PROBLEM TO WORK ON: In the listing below, find the line with "Tools and raw" and the line with "137 Monstera Leaf", then return them and every line between them exactly, minus the pictures.

EXERCISE DATA:

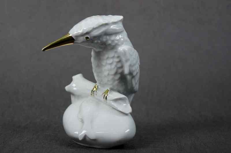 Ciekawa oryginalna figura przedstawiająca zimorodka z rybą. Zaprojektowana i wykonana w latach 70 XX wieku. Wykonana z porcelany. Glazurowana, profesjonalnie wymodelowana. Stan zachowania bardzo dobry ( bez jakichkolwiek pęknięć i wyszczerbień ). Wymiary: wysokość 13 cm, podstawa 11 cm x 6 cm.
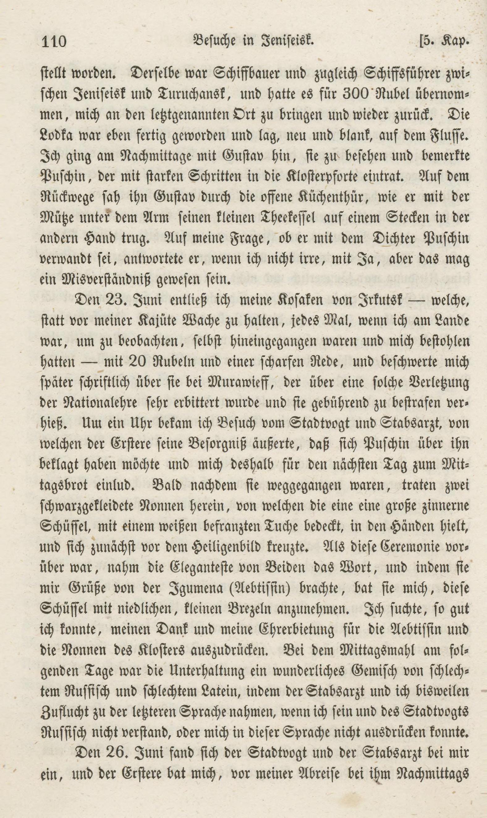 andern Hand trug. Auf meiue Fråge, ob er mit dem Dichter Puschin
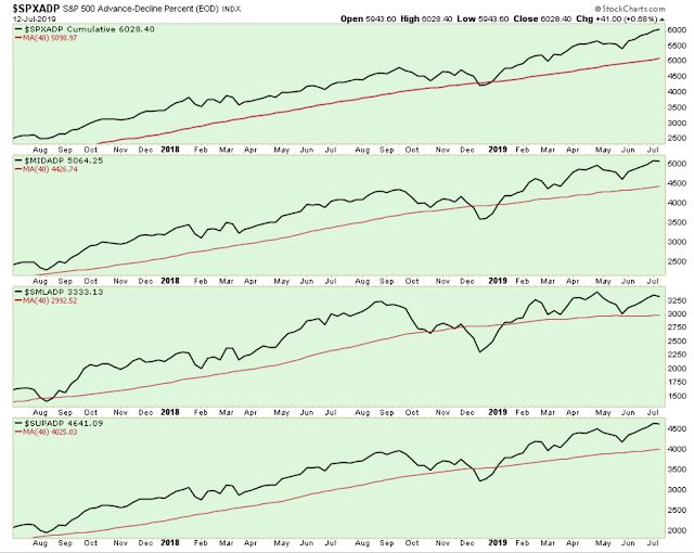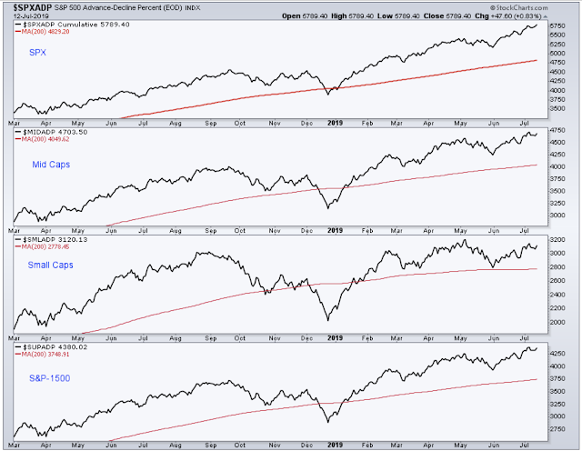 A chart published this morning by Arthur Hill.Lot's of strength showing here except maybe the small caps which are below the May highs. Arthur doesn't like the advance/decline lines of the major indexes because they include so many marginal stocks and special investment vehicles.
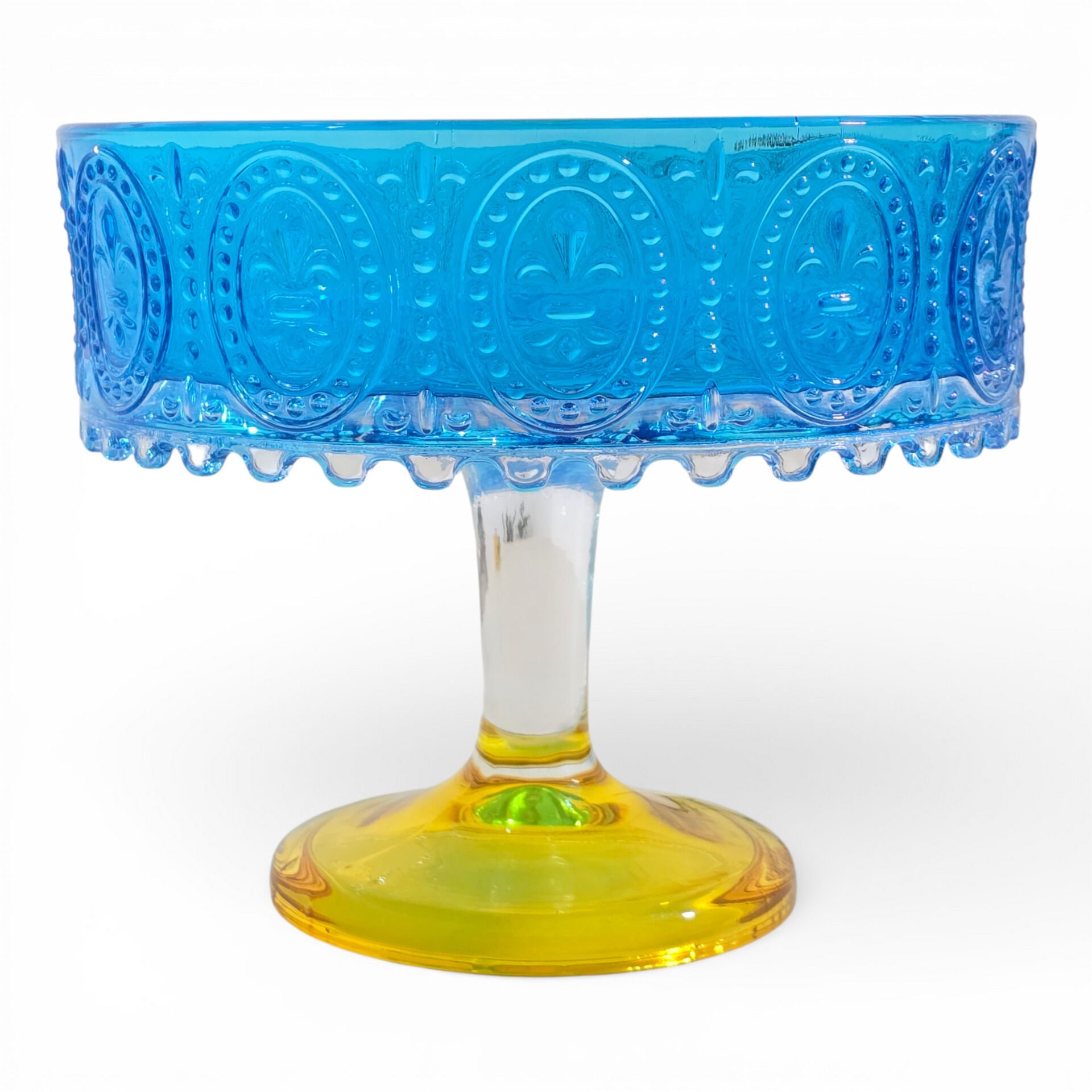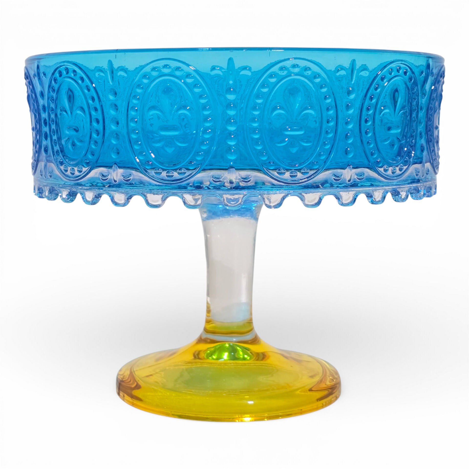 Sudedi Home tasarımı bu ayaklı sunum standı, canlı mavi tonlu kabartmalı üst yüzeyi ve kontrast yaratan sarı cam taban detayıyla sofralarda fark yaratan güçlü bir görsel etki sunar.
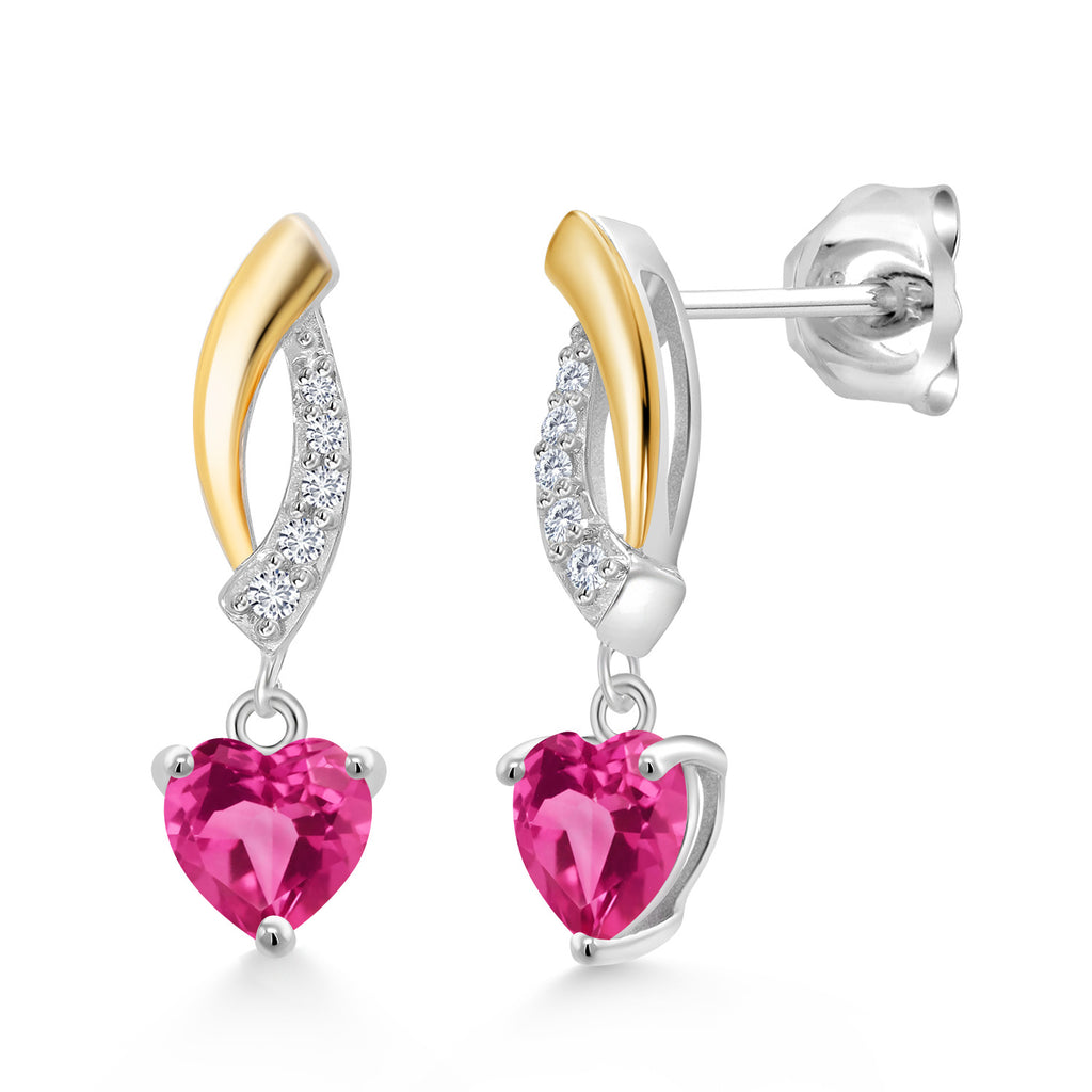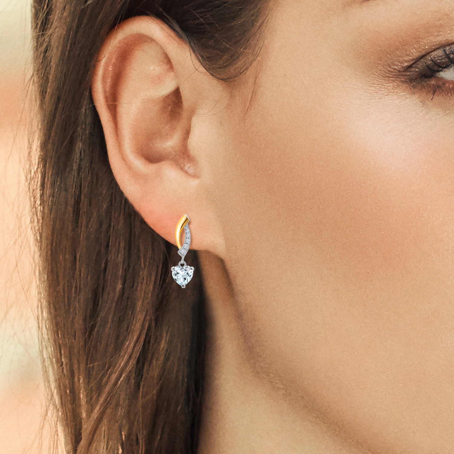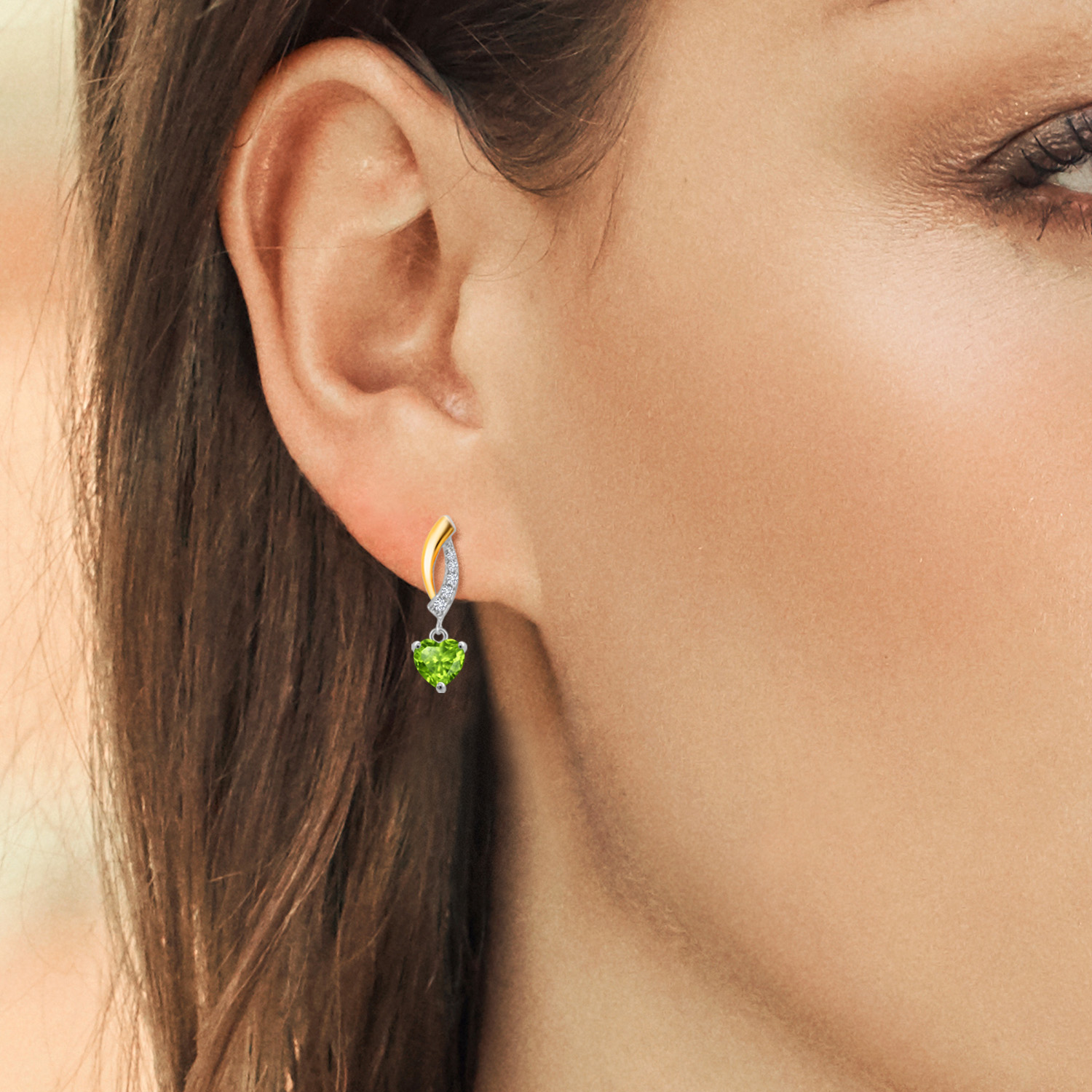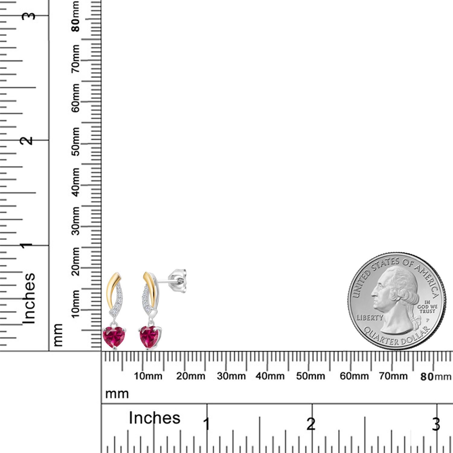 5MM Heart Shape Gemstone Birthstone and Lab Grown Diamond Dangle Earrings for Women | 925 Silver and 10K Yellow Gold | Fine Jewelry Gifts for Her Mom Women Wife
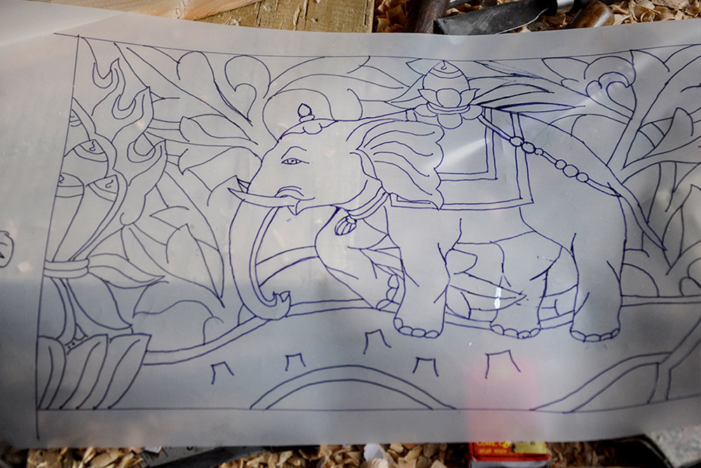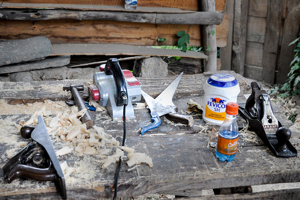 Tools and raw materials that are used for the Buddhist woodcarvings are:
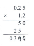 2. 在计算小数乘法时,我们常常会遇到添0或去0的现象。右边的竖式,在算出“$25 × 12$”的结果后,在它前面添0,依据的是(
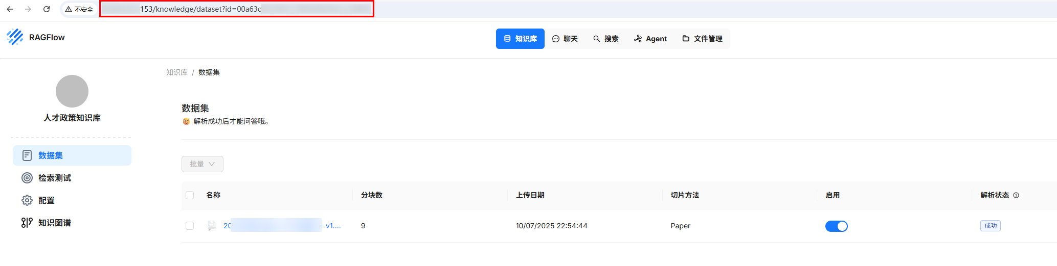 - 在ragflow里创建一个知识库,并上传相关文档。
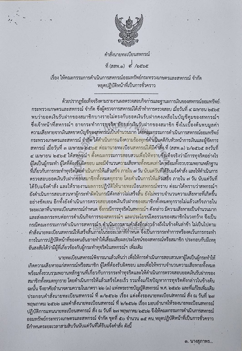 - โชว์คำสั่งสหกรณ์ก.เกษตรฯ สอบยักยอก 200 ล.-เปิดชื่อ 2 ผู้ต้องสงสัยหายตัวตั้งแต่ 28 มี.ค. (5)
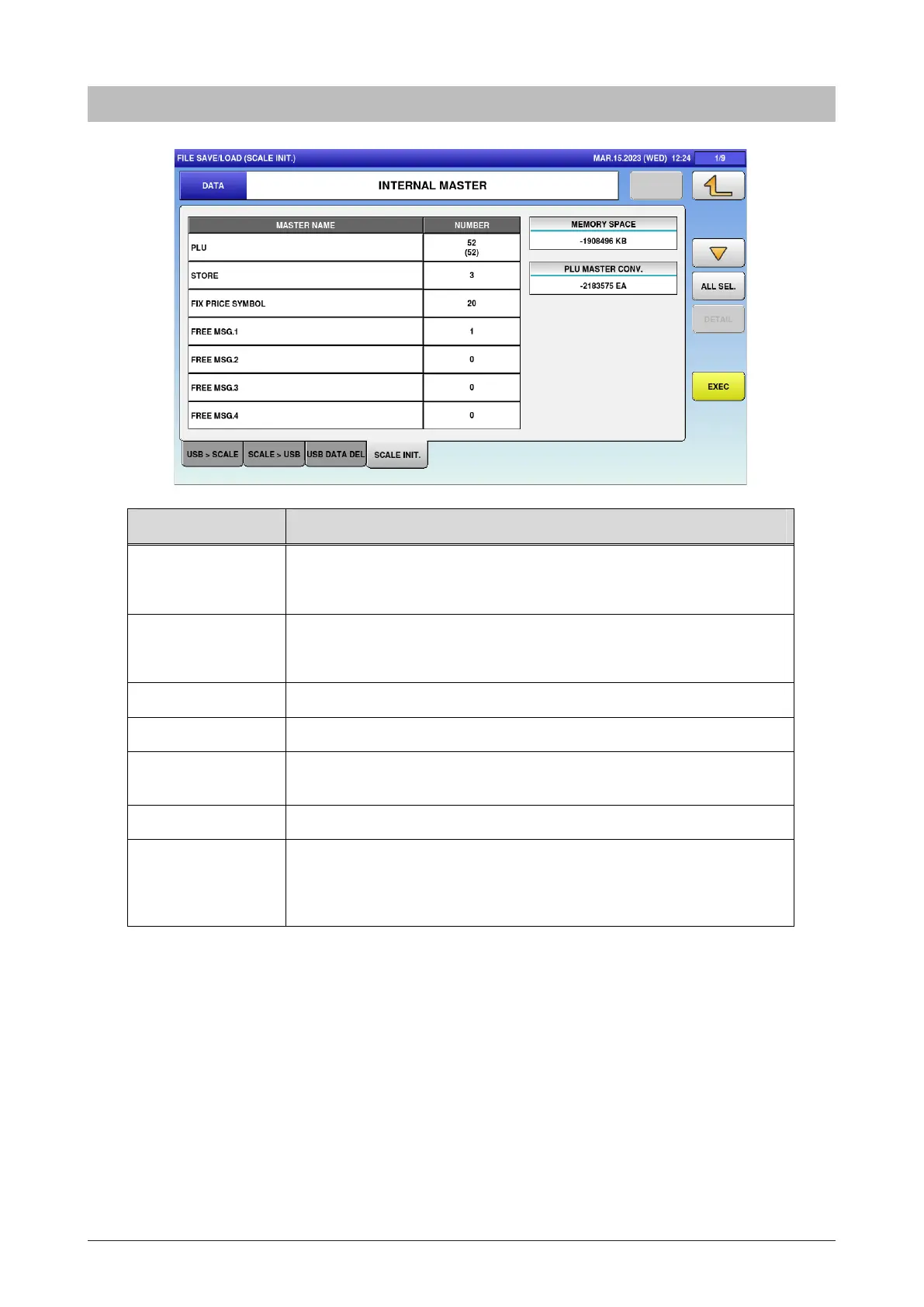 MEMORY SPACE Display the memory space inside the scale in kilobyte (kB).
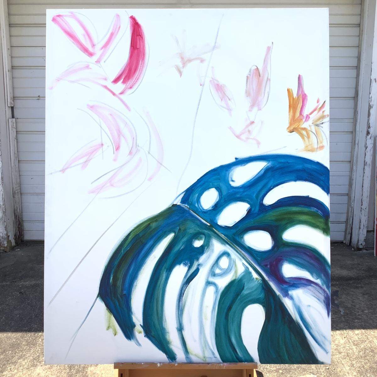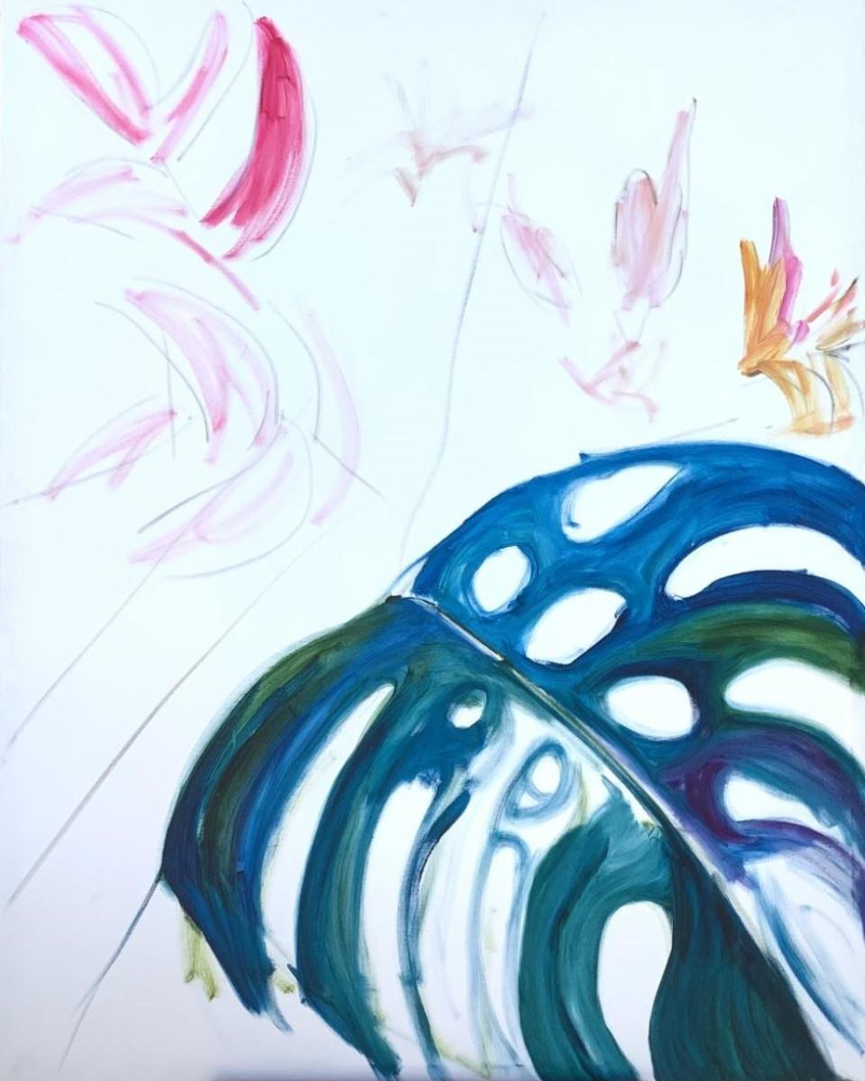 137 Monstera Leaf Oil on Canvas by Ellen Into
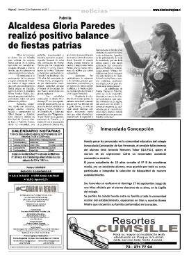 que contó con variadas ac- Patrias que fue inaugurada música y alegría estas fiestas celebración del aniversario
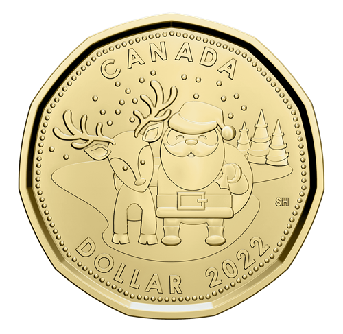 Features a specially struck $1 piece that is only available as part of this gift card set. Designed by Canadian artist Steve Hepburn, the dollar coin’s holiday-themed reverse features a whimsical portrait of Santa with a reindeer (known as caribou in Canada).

YOUR RESPONSE:
 Tools and raw materials that are used for the Buddhist woodcarvings are:
 2. 在计算小数乘法时,我们常常会遇到添0或去0的现象。右边的竖式,在算出“$25 × 12$”的结果后,在它前面添0,依据的是(
 - 在ragflow里创建一个知识库,并上传相关文档。
 - โชว์คำสั่งสหกรณ์ก.เกษตรฯ สอบยักยอก 200 ล.-เปิดชื่อ 2 ผู้ต้องสงสัยหายตัวตั้งแต่ 28 มี.ค. (5)
 MEMORY SPACE Display the memory space inside the scale in kilobyte (kB).
 137 Monstera Leaf Oil on Canvas by Ellen Into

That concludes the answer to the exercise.